#### [EXERCISE GOAL]
Nothing but the lines below from the one holding "For example, linking" up to and including the one holding "5月30日,沈抚示范区招商四" should be copied, exactly and without pictures.

#### [INFORMATION]
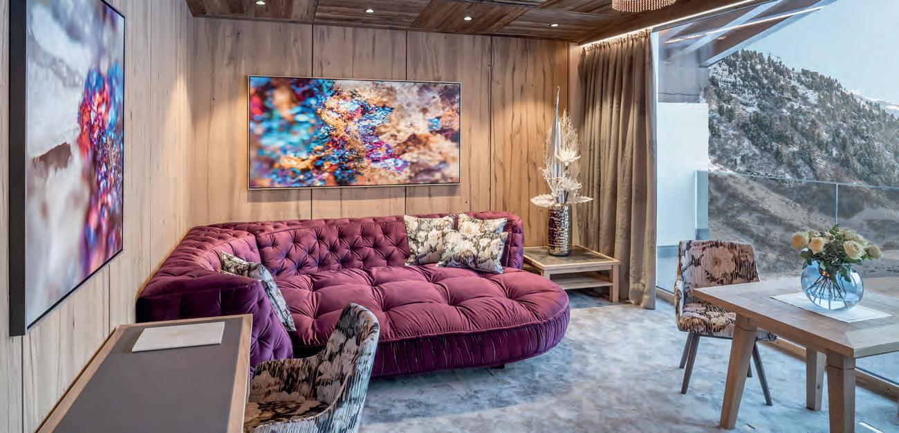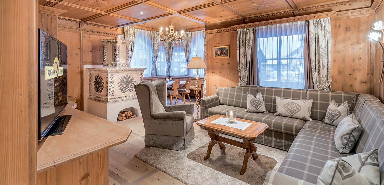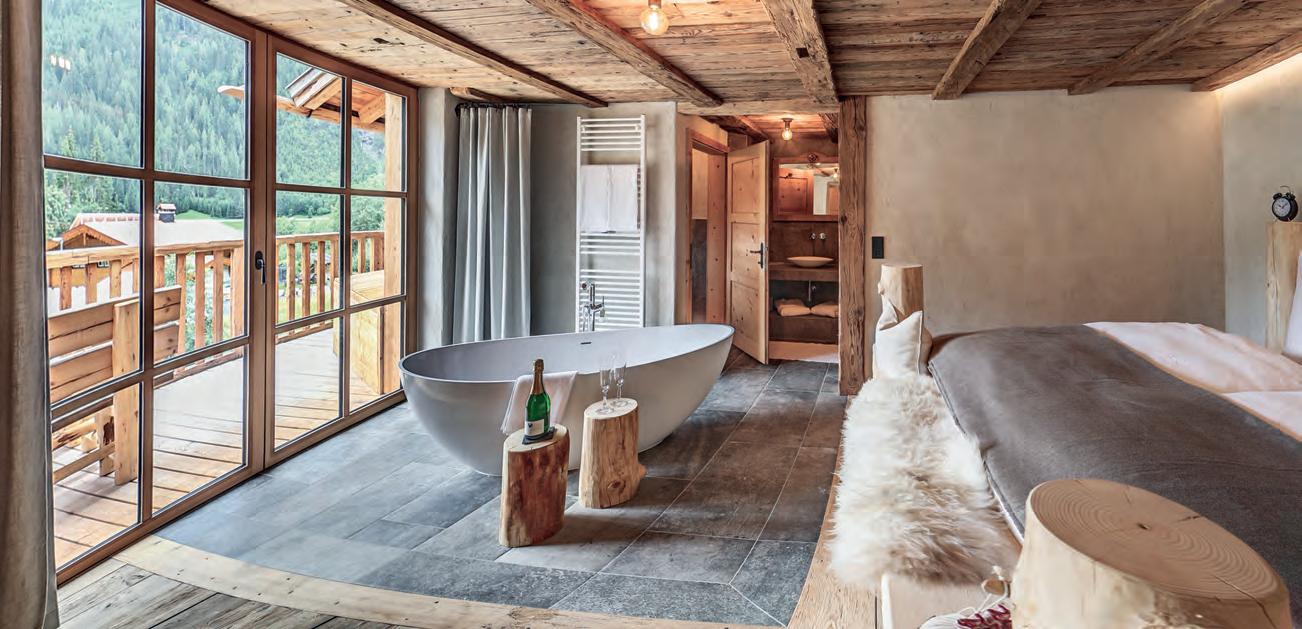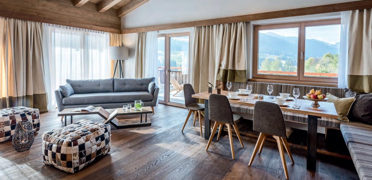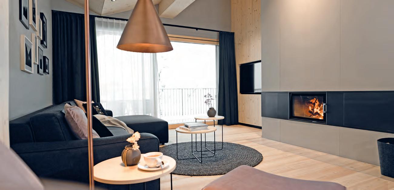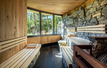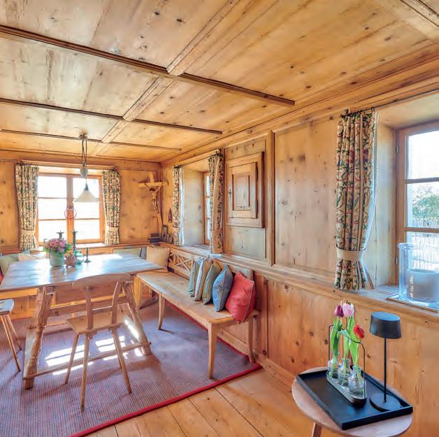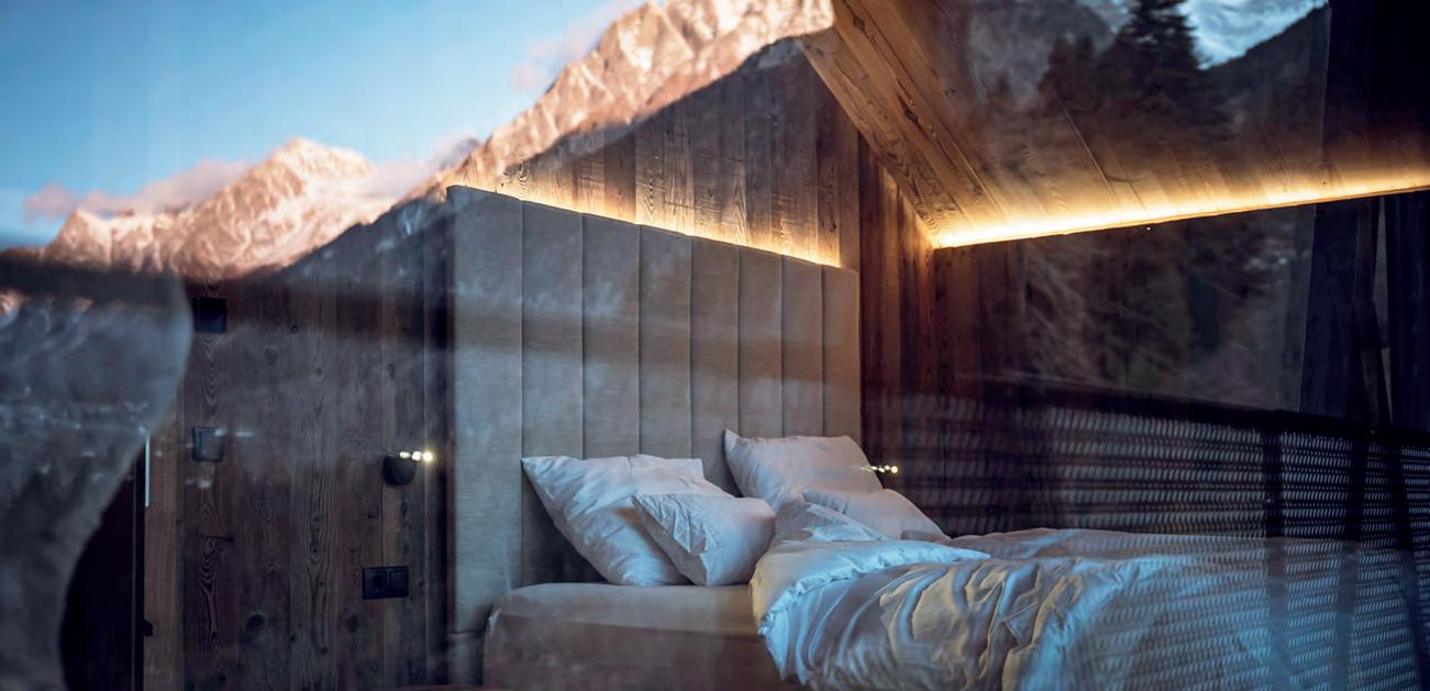Ein Chalet-Resort nur für Erwachsene am Eingang zu den berühmten Grödner Dolomiten. Rosamunde und Walter und ihre drei erwachsenen Kinder haben im Bergdorf Lajen auf 1 000 m Seehöhe in einzigartiger Südlage ein 2 ha großes Urlaubsparadies erschaffen, das vor allem Paaren einen kostbaren Romantikurlaub beschert. Zur Auswahl stehen elf ChaletKategorien wie Lodges, ebenerdige Chalets und zweigeschossige Chalets inklusive Terrasse und Garten. Das Nonplusultra ist das weltweit einzige ReinholdMessner-Chalet mit persönlichen Einrichtungsmerkmalen des berühmten Bergsteigers. Alle Domizile wurden in Naturstein mit rustikalen Holzdielen und Steinbädern nach alter Handwerkskunst vom Hausherrn selbst geplant und eingerichtet. Raumhohe Glasfronten holen die Natur in die Wohnräume, die über eine komplett ausgestattete Wohnküche verfügen. Ein romantischer Kamin lädt zum Entspannen ein.
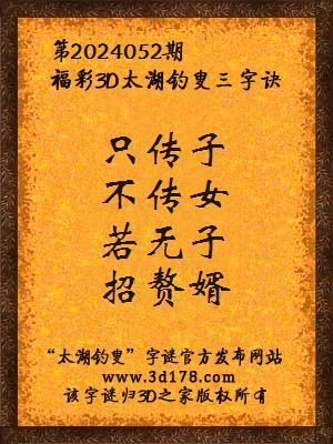 福彩第2024052期3d太湖字谜:只传子,不传女,若无子,招赘婿
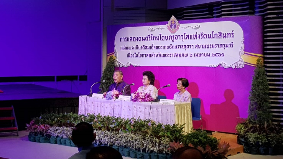ครูอาวุโสด้านดนตรีไทยโชว์บรรเลงเพลง รำวงมาตรฐาน ให้ชมเป็นตัวอย่าง ก่อนเปิดการแสดงในการแสดงดนตรีไทยโดยครูอาวุโสแห่งรัตนโกสินทร์ เพื่อเฉลิมพระเกียรติสมเด็จพระเทพรัตนราชสุดาฯ สยามบรมราชกุมารี เนื่องในโอกาสเจริญพระชนมายุ63 พรรษา ด้วยสำนึกในพระมหากรุณาธิคุณ ที่พระองค์ทรงเป็นศิลปินผู้มีอัจฉริยภาพหลายสาขา เป็นที่ประจักษ์ชัดในวงการศิลปะ โดยเฉพาะด้านดนตรีไทย
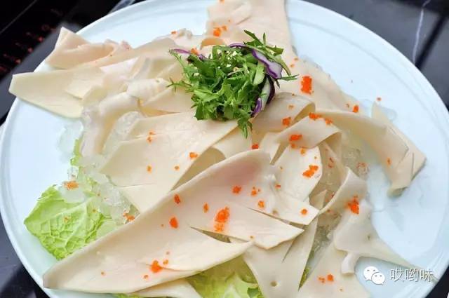 洒了鱼子的黄喉似乎赋予了黄喉一些鲜艳明亮的活力,煮好之后口感爽脆,配合麻辣的酱料,比起香油又是另一番享受。
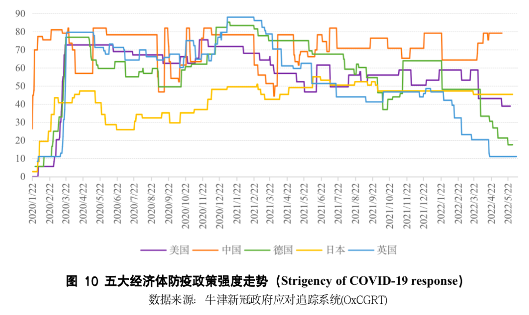 一是新冠疫情的影响及其对全球产业链产生的短期冲击。新冠疫情暴发两年多以来,疫情一直用各种方式影响全球产业链的正常运转。第一、各国为控制疫情所采取的控制行为对人流和物流都不可避免产生了影响。图10是牛津新冠政府应对追踪系统(OxCGRT)计算的政策反应强度指数所衡量的各国疫情防控程度。从五大主要经济体的情况来看,亚洲两国的防疫强度明显高于欧美国家,而且各国都仍保持着或高或低的疫情防控措施,仍未回到疫情前的状态。
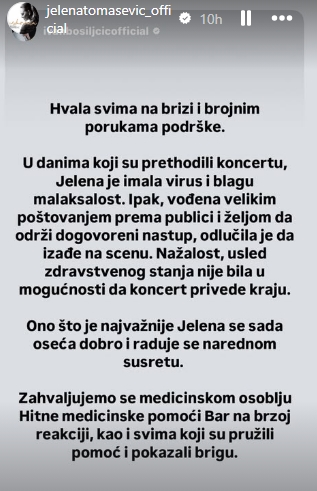Сакаме да им се заблагодариме на медицинскиот персонал на Службата за итна медицинска помош во Бар за нивната брза реакција, како и на сите што пружија помош и покажаа грижа, стои во соопштението објавено на Инстаграм.
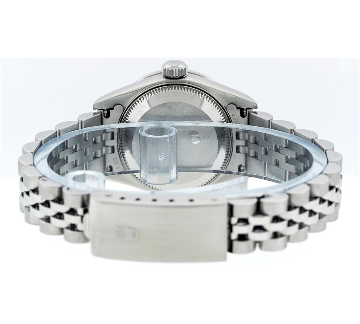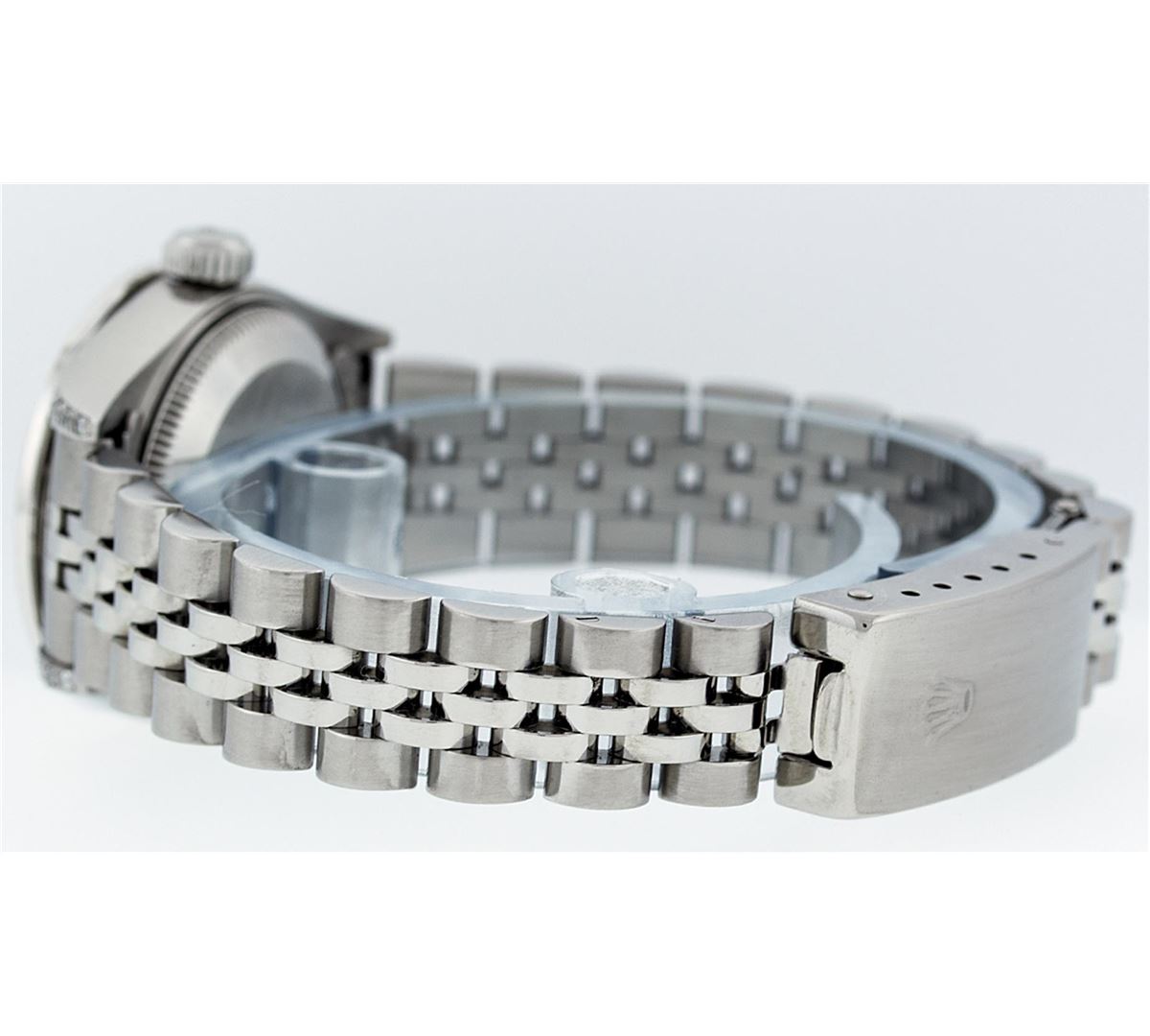 One Ladies Rolex Datejust Polished Bright with Satin Finish, Serviced & Electronically Tested, Stainless Steel Case:26mm, Stainless Steel Crown, Diamond Lugs: 16 Diamonds On Lugs, Clarity: SI-VS, Color: G to H. Custom Bezel: 18K White Gold Beadset Bezel, Diamond Count: 32 Diamonds, Total Weight 1.00 Carat, Clarity: SI-VS, Color: G to H. Custom Crystal: Synthetic Sapphire Cyclops Lens. Movement: Automatic Winding Movement Caliber 2235. Custom Dial: Refinished Sky Blue With String Diamond Dial VVS, 43 Diamonds in Dial G To H In Color, Clarity: VVS. Date Window: 3 O'clock Position Date Display, Model: No Hole Datejust Quickset. Condition: G-6 Extra Fine. Bracelet: Stainless Steel Jubilee Band. Bright Polish & Satin Finish. 6.0 Inch Length, Adjustable. Standard Clasp, With Rolex Logo. Comes with 6 month warranty.
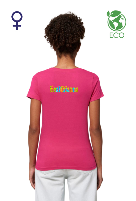 Damska koszulka z linii Eco Aware. Posiada wszywane rękawy, ściągacz na kołnierzyku oraz taśmę wzmacniającą na karku. Rękawy i dół z wąskim podwójnym ściegiem. Materiał: single jersey: 100% organiczna bawełna czesana ring spun. Gramatura 150 g/m². Posiada certyfikaty: GOTS (Global Organic Textile Standard), GRS, OCS, OEKO-TEX Standard 100, Fair Wear.
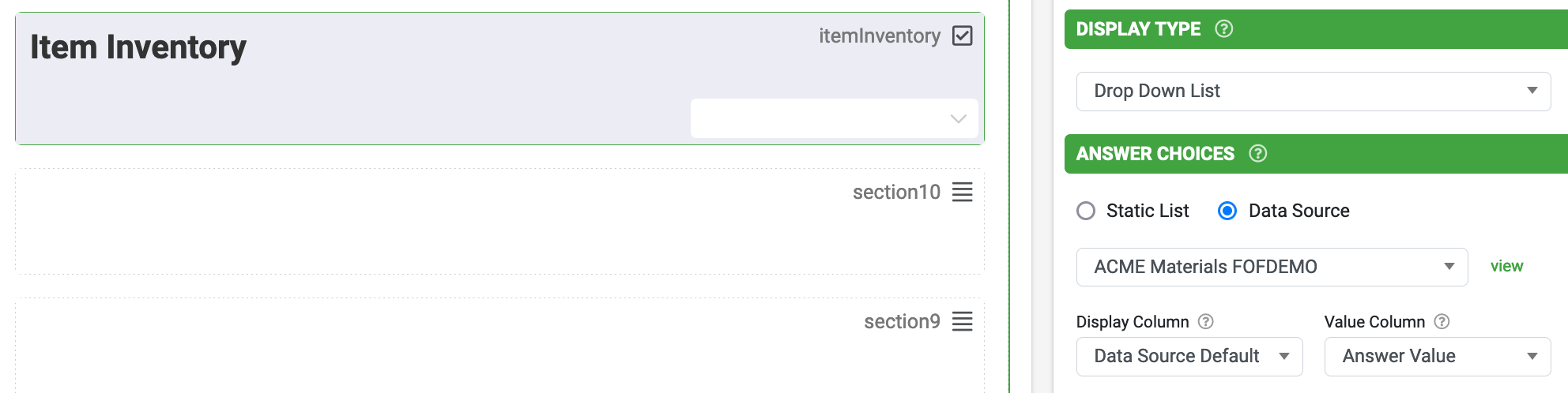 For example, linking a Choices field to a data source to display a list of item names in-app for selection.
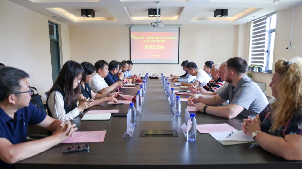 5月30日,沈抚示范区招商四部副部长张斌、产业创新局科长魏超,中科(沈抚)创新园项目负责人董全亮一行应邀访问我校,就专家工作站等事宜与我校和白俄罗斯国立技术大学专家进行座谈交流。校长李康举、副校长徐颖、白俄罗斯国立技术大学专家及相关单位负责人参加座谈。
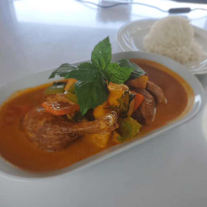 Roasted duck in red curry sauce with grape, tomatoes, bell peppers, pineapple, lychee, and basil
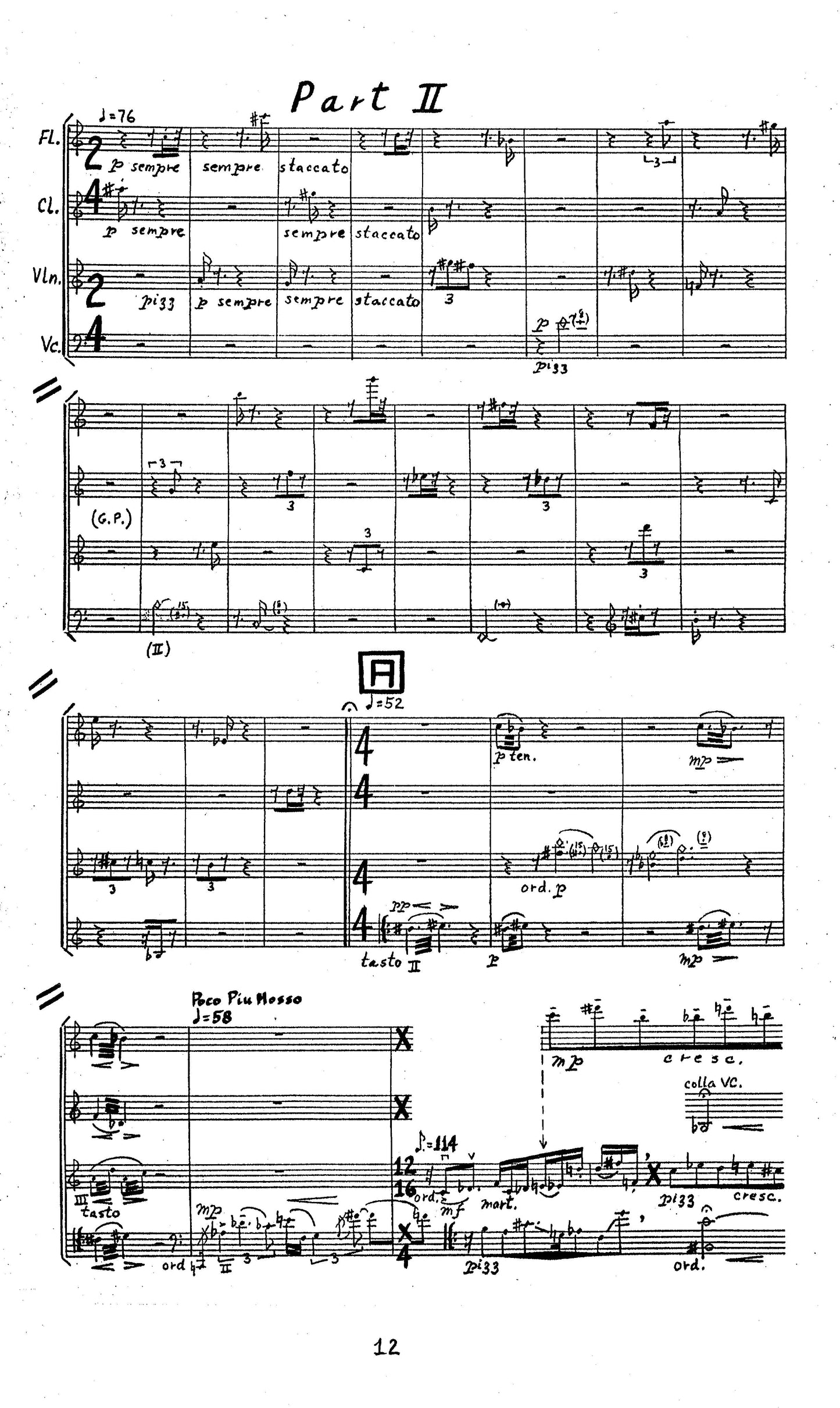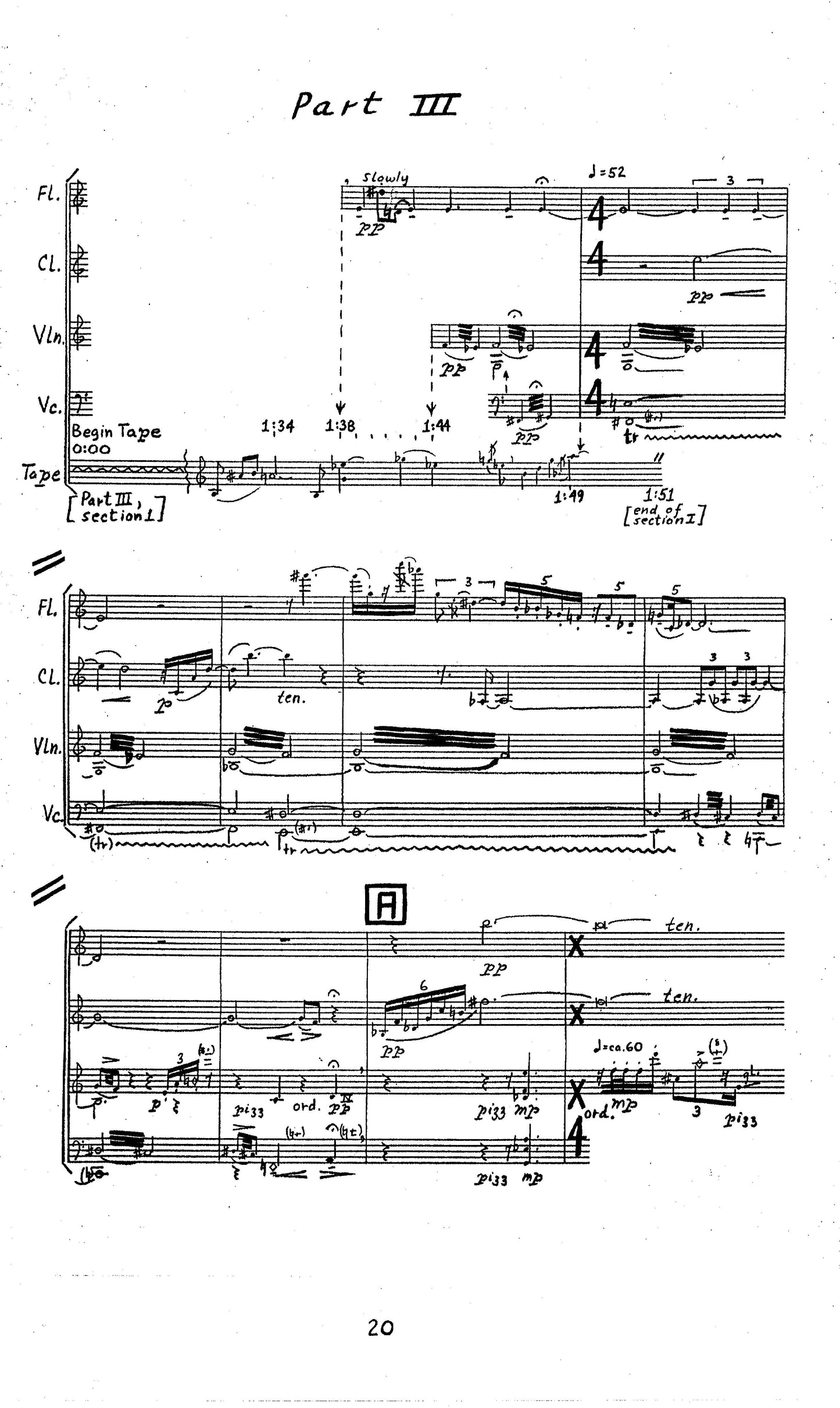 a coloristic work for instruments and electronic tape (now CD) exploring interactions between live and recorded elements. Recorded by the Da Capo Chamber Players on CRI CD 759.

#### [RESULT BELOW]
 For example, linking a Choices field to a data source to display a list of item names in-app for selection.
 5月30日,沈抚示范区招商四部副部长张斌、产业创新局科长魏超,中科(沈抚)创新园项目负责人董全亮一行应邀访问我校,就专家工作站等事宜与我校和白俄罗斯国立技术大学专家进行座谈交流。校长李康举、副校长徐颖、白俄罗斯国立技术大学专家及相关单位负责人参加座谈。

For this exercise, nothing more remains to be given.